Therefore, by using the technique of TX, the present studies were designed to assess the importance of thyroid hormone in regulating the components of RAS activity, including renal renin, plasma renin, and tissue ANG II receptor subtype expression in late-gestation fetal sheep. Our rationale for this was that the normal ontogenic change in the RAS would be attenuated in the absence of thyroid hormones in late gestation. In addition, we evaluated the impact of fetal hypothyroidism on cardiovascular function and responsiveness to β-adrenergic stimulation in the late-gestation fetal sheep.
MATERIALS AND METHODS
Cross-bred pregnant ewes with known insemination dates were obtained from a local supplier. Ewes were housed in individual pens with food and water provided. After 5 days of acclimation, surgery was performed. After surgery, ewes were returned to their pens, where they remained until fetuses were delivered. All procedures were approved by the Wake Forest University Animal Care and Use Committee. A total of 12 fetuses were used: 6 TX (3 male, 3 female) and 6 controls (4 male, 2 female).
Surgical procedures and blood pressure and heart rate measurements.
TX was performed similarly to the procedure described by Hopkins and Thorburn (25) at ∼120 dGA. Briefly, the fetal neck was exposed and stabilized on a sterile tray, and the skin was opened at the midline. The fetal thyroid gland was exposed and removed. Control fetuses were sham operated, where the thyroid was exposed but not touched. Catheters previously filled with sterile saline were placed in fetal carotid arteries and jugular veins. Additional catheters were inserted into the femoral arteries and veins and advanced to the descending aorta and inferior vena cava. Catheters also were placed in the amniotic sac to measure intrauterine pressure, and in the maternal femoral artery and vein. Gentamicin and ampicillin were administered to the ewe at the time of surgery and for the next 3 days through the maternal venous catheter. Fetal plasma samples were collected after 3 days of postsurgery recovery and just before necropsy for measurement of triiodothyronine (T3) and thyroxine (T4). Fetuses were delivered by cesarean section between 137 and 139 dGA (term in our flock is ∼145 days), and tissue samples (kidney cortex, heart, and lung) were collected and stored at −80°C until assay. These specific tissues were sampled because the RAS is thought to play developmental and/or functional roles in all (11, 50, 53–55).

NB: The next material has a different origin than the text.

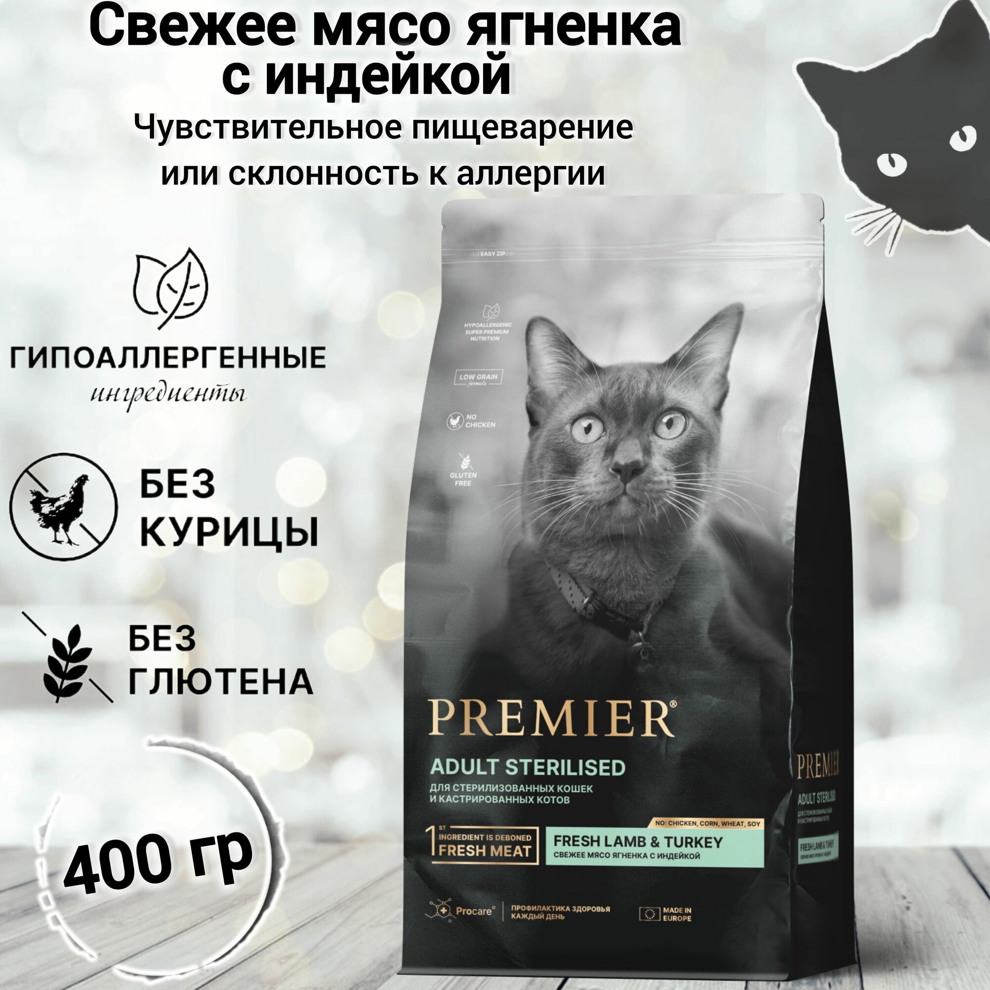 Сухой корм для кошек PREMIER Cat Lamb&Turkey STERILISED (Свежее мясо ягненка с индейкой для взрослых стерилизованных кошек и кастрированных котов от 1 года) 400 гр.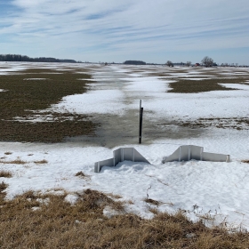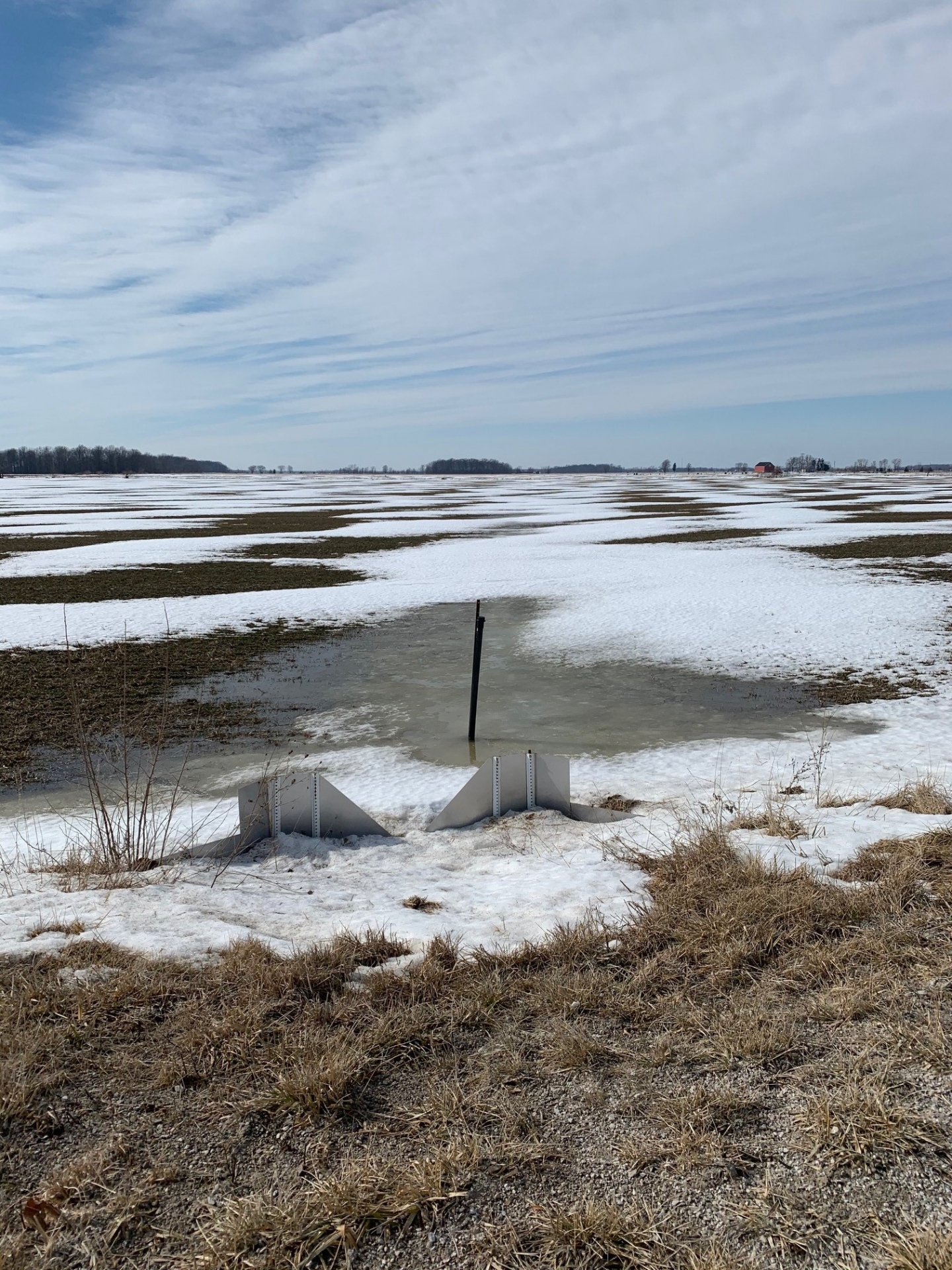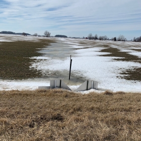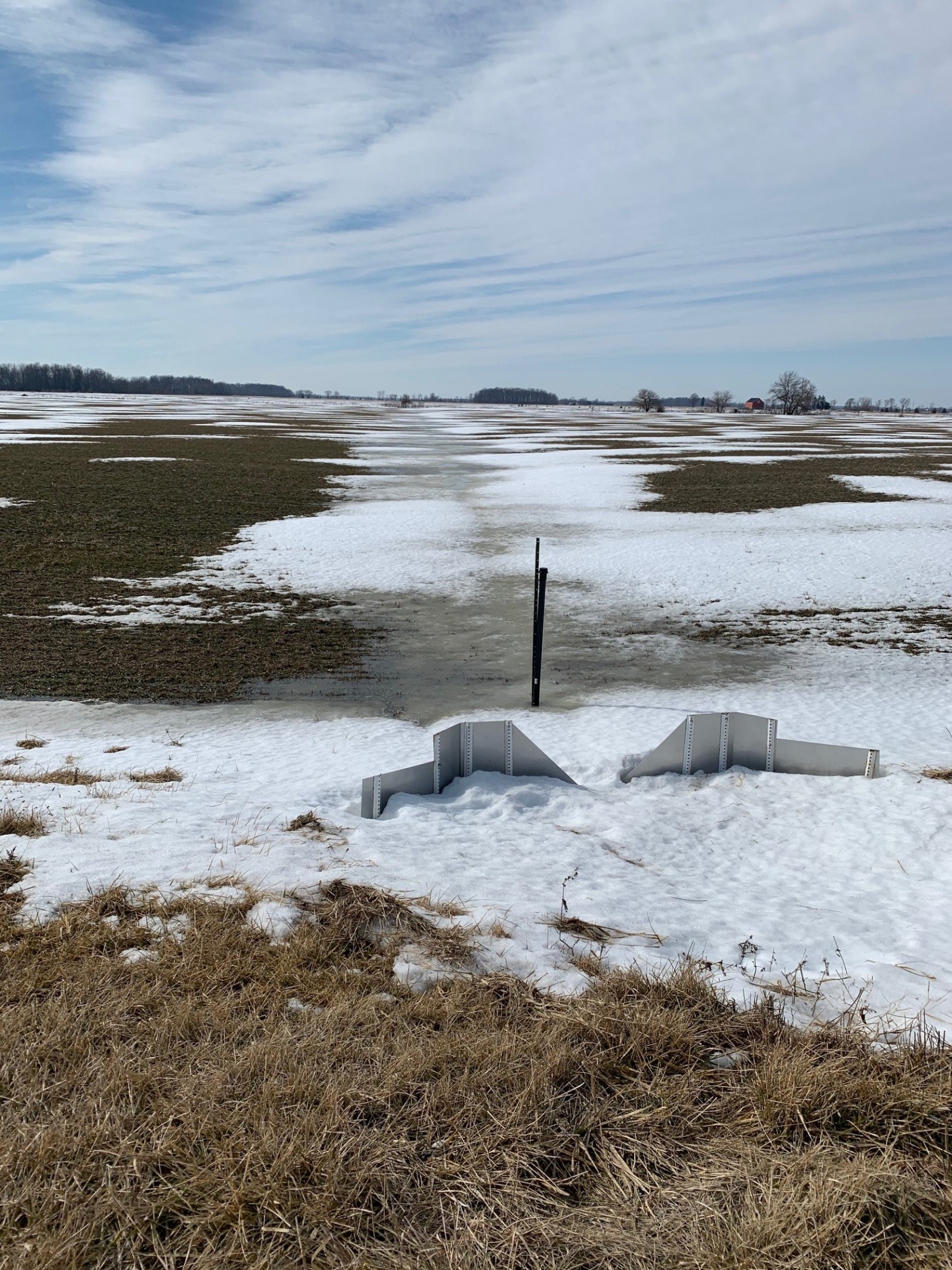 The Wigle Farm Edge of Field site is a 48 acre parcel of land that is committed to using conservation practices, including no-till, and uses a full crop rotation that includes corn, soybean, wheat and cover crops. The parcel has three distinct overland swales where weirs have been constructed to collect surface water during extreme rain/snow melt events. Three level loggers have been installed at each weir that will allow for the calculation of the volume of water that leaves the field via surface flow. These data will be used in conjunction with data from other sites involved in the ONFARM program to determine BMP effectiveness.

Basal fetal hemodynamic and plasma active renin and prorenin levels and their responses to β-adrenergic stimulation were studied in both TX and control fetal sheep immediately before necropsy. Fetal arterial blood pressures, heart rate, and amniotic fluid pressure were measured with DMSI system integrators (Digi-Med; Micro-Med Enterprises, Tustin, CA). All blood pressure data were corrected to corresponding amniotic pressure. Data collection was begun after a 30-min stabilization period. The data were averaged and recorded every 1 min automatically throughout the experiment. Responses to β-adrenergic stimulation were determined by measuring the fetal blood pressure and heart rate changes before, during, and after 10 min of isoproterenol infusion (0.06 μg·kg−1·min−1). Mean arterial blood pressure (MAP), amniotic fluid pressure, and heart rate were measured throughout the experiment and for 50 min after the infusion. Blood samples were obtained before isoproterenol infusion, immediately after the isoproterenol infusion was complete, and at the end of the experiment to examine plasma renin levels.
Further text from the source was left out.